» TASK TO CARRY OUT
Retype, exactly as they appear below, the lines between the line holding "126 Ross' Gans" and the line holding "Plate 2: Cunninghamella", both ends included.

» INPUT DATA

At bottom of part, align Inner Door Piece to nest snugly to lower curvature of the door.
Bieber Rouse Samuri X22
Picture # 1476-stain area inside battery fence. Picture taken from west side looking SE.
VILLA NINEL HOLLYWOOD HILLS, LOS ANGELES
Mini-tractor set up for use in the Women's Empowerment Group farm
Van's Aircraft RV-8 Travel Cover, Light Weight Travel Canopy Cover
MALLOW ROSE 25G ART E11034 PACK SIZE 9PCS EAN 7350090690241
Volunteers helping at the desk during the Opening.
---
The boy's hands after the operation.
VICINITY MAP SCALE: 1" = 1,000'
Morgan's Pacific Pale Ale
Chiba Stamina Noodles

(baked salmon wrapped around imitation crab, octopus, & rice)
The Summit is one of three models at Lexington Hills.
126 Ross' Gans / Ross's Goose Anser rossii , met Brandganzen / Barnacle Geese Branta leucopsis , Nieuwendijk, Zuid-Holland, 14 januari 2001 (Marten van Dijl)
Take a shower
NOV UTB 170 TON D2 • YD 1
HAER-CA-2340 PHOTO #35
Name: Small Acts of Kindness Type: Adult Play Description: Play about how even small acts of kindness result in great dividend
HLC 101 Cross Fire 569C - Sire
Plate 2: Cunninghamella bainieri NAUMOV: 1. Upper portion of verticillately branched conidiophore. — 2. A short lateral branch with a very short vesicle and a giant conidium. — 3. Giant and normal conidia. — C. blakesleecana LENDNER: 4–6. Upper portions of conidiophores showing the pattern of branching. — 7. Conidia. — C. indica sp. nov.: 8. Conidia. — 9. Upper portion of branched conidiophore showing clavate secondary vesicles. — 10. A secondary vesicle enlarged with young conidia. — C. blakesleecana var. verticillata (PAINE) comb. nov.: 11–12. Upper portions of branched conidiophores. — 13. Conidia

» RESPONSE TO THE EXERCISE
126 Ross' Gans / Ross's Goose Anser rossii , met Brandganzen / Barnacle Geese Branta leucopsis , Nieuwendijk, Zuid-Holland, 14 januari 2001 (Marten van Dijl)
Take a shower
NOV UTB 170 TON D2 • YD 1
HAER-CA-2340 PHOTO #35
Name: Small Acts of Kindness Type: Adult Play Description: Play about how even small acts of kindness result in great dividend
HLC 101 Cross Fire 569C - Sire
Plate 2: Cunninghamella bainieri NAUMOV: 1. Upper portion of verticillately branched conidiophore. — 2. A short lateral branch with a very short vesicle and a giant conidium. — 3. Giant and normal conidia. — C. blakesleecana LENDNER: 4–6. Upper portions of conidiophores showing the pattern of branching. — 7. Conidia. — C. indica sp. nov.: 8. Conidia. — 9. Upper portion of branched conidiophore showing clavate secondary vesicles. — 10. A secondary vesicle enlarged with young conidia. — C. blakesleecana var. verticillata (PAINE) comb. nov.: 11–12. Upper portions of branched conidiophores. — 13. Conidia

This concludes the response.